Collected data entries:
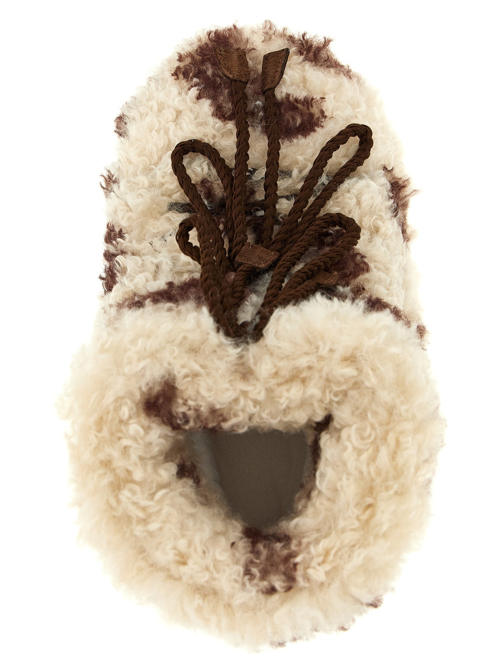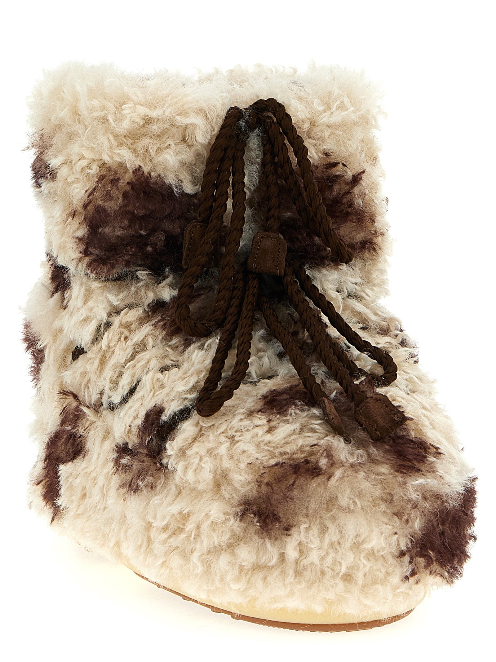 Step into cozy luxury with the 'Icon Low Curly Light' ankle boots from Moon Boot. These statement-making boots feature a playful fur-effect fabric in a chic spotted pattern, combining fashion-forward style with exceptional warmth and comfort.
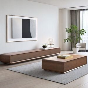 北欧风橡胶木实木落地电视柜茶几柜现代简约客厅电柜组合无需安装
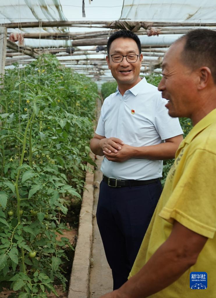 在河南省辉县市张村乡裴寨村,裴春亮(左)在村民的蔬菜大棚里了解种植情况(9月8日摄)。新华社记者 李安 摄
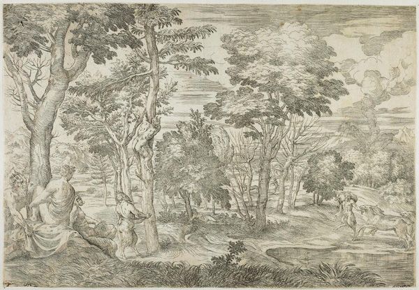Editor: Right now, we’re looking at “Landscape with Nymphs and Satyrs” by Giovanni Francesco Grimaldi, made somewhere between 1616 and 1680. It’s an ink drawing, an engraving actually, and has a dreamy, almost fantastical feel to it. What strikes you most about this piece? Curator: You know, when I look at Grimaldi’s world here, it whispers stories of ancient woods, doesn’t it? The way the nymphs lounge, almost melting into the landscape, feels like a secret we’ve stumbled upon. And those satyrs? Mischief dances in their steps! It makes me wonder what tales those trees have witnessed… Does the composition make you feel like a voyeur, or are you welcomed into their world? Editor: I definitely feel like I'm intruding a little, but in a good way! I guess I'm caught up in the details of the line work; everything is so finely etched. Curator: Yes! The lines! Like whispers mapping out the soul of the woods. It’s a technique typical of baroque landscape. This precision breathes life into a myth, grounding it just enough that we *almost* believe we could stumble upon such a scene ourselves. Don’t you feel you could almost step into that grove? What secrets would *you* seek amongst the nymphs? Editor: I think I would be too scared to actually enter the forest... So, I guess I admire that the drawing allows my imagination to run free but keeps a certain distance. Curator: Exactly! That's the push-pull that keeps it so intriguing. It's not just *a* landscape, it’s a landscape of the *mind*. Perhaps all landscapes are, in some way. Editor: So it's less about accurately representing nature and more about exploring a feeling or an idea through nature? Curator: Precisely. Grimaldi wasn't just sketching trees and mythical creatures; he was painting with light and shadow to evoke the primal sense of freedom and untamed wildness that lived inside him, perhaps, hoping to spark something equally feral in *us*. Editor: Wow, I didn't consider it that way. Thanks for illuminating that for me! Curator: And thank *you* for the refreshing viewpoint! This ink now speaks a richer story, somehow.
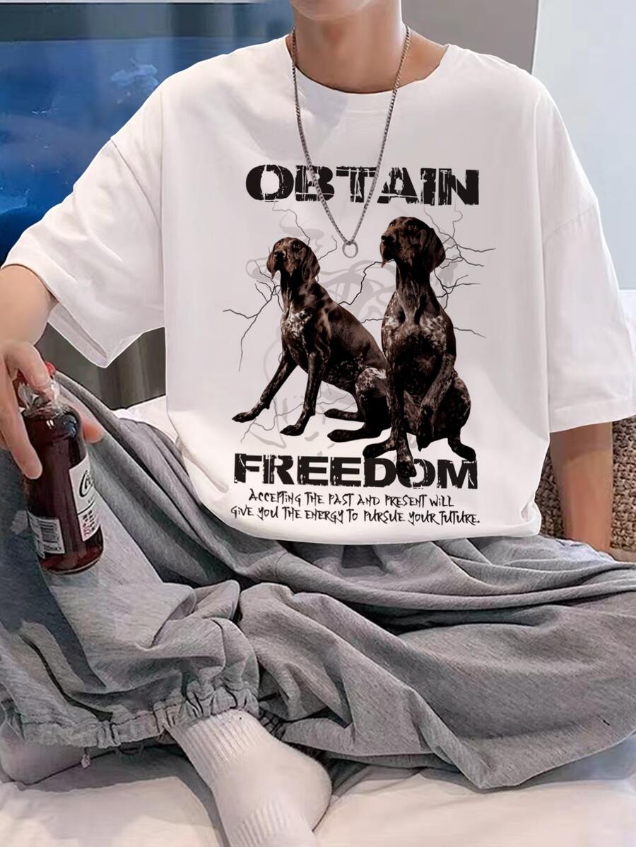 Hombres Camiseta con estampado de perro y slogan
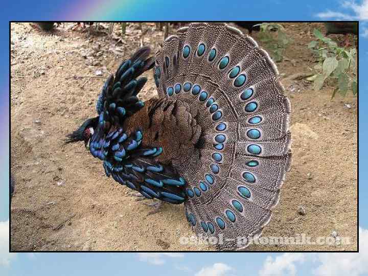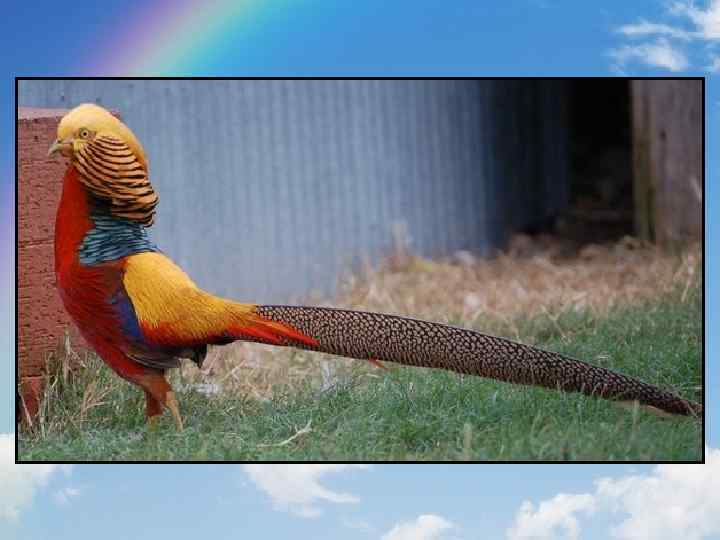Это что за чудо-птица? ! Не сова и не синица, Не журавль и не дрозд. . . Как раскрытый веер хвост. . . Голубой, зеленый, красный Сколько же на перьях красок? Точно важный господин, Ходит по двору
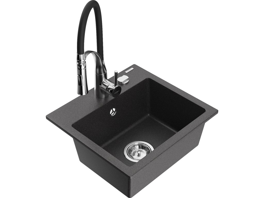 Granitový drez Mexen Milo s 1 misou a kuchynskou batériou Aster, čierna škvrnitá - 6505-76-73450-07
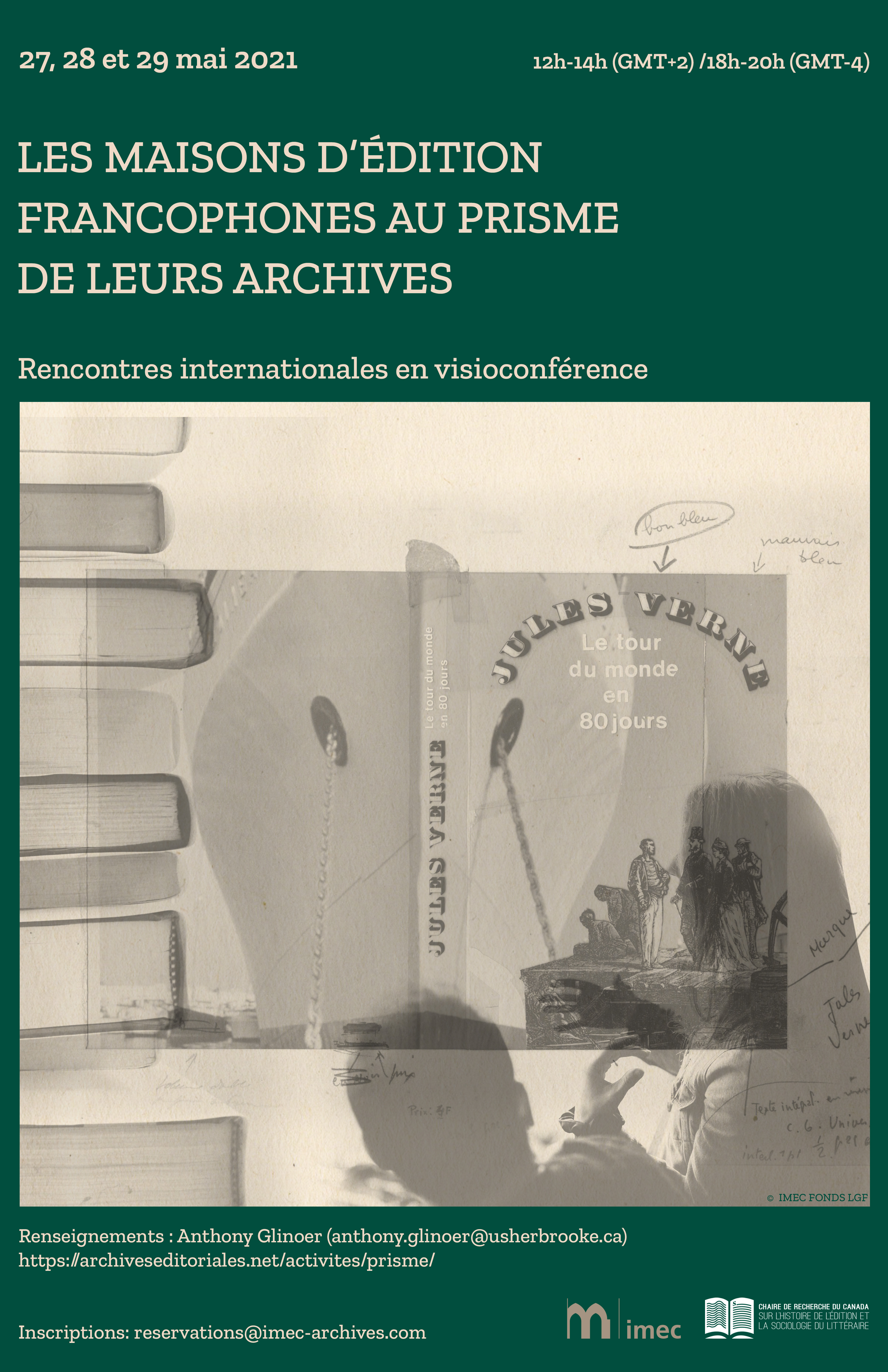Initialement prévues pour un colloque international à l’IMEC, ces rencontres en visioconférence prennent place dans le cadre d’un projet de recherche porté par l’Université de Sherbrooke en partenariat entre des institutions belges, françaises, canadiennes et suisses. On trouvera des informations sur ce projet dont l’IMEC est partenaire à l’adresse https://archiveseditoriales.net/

## YOUR OBJECTIVE
Transcribe every entry above exactly as it stands, but skip the images.

## REPLY
 Step into cozy luxury with the 'Icon Low Curly Light' ankle boots from Moon Boot. These statement-making boots feature a playful fur-effect fabric in a chic spotted pattern, combining fashion-forward style with exceptional warmth and comfort.
 北欧风橡胶木实木落地电视柜茶几柜现代简约客厅电柜组合无需安装
 在河南省辉县市张村乡裴寨村,裴春亮(左)在村民的蔬菜大棚里了解种植情况(9月8日摄)。新华社记者 李安 摄
Editor: Right now, we’re looking at “Landscape with Nymphs and Satyrs” by Giovanni Francesco Grimaldi, made somewhere between 1616 and 1680. It’s an ink drawing, an engraving actually, and has a dreamy, almost fantastical feel to it. What strikes you most about this piece? Curator: You know, when I look at Grimaldi’s world here, it whispers stories of ancient woods, doesn’t it? The way the nymphs lounge, almost melting into the landscape, feels like a secret we’ve stumbled upon. And those satyrs? Mischief dances in their steps! It makes me wonder what tales those trees have witnessed… Does the composition make you feel like a voyeur, or are you welcomed into their world? Editor: I definitely feel like I'm intruding a little, but in a good way! I guess I'm caught up in the details of the line work; everything is so finely etched. Curator: Yes! The lines! Like whispers mapping out the soul of the woods. It’s a technique typical of baroque landscape. This precision breathes life into a myth, grounding it just enough that we *almost* believe we could stumble upon such a scene ourselves. Don’t you feel you could almost step into that grove? What secrets would *you* seek amongst the nymphs? Editor: I think I would be too scared to actually enter the forest... So, I guess I admire that the drawing allows my imagination to run free but keeps a certain distance. Curator: Exactly! That's the push-pull that keeps it so intriguing. It's not just *a* landscape, it’s a landscape of the *mind*. Perhaps all landscapes are, in some way. Editor: So it's less about accurately representing nature and more about exploring a feeling or an idea through nature? Curator: Precisely. Grimaldi wasn't just sketching trees and mythical creatures; he was painting with light and shadow to evoke the primal sense of freedom and untamed wildness that lived inside him, perhaps, hoping to spark something equally feral in *us*. Editor: Wow, I didn't consider it that way. Thanks for illuminating that for me! Curator: And thank *you* for the refreshing viewpoint! This ink now speaks a richer story, somehow.
 Hombres Camiseta con estampado de perro y slogan
Это что за чудо-птица? ! Не сова и не синица, Не журавль и не дрозд. . . Как раскрытый веер хвост. . . Голубой, зеленый, красный Сколько же на перьях красок? Точно важный господин, Ходит по двору
 Granitový drez Mexen Milo s 1 misou a kuchynskou batériou Aster, čierna škvrnitá - 6505-76-73450-07
Initialement prévues pour un colloque international à l’IMEC, ces rencontres en visioconférence prennent place dans le cadre d’un projet de recherche porté par l’Université de Sherbrooke en partenariat entre des institutions belges, françaises, canadiennes et suisses. On trouvera des informations sur ce projet dont l’IMEC est partenaire à l’adresse https://archiveseditoriales.net/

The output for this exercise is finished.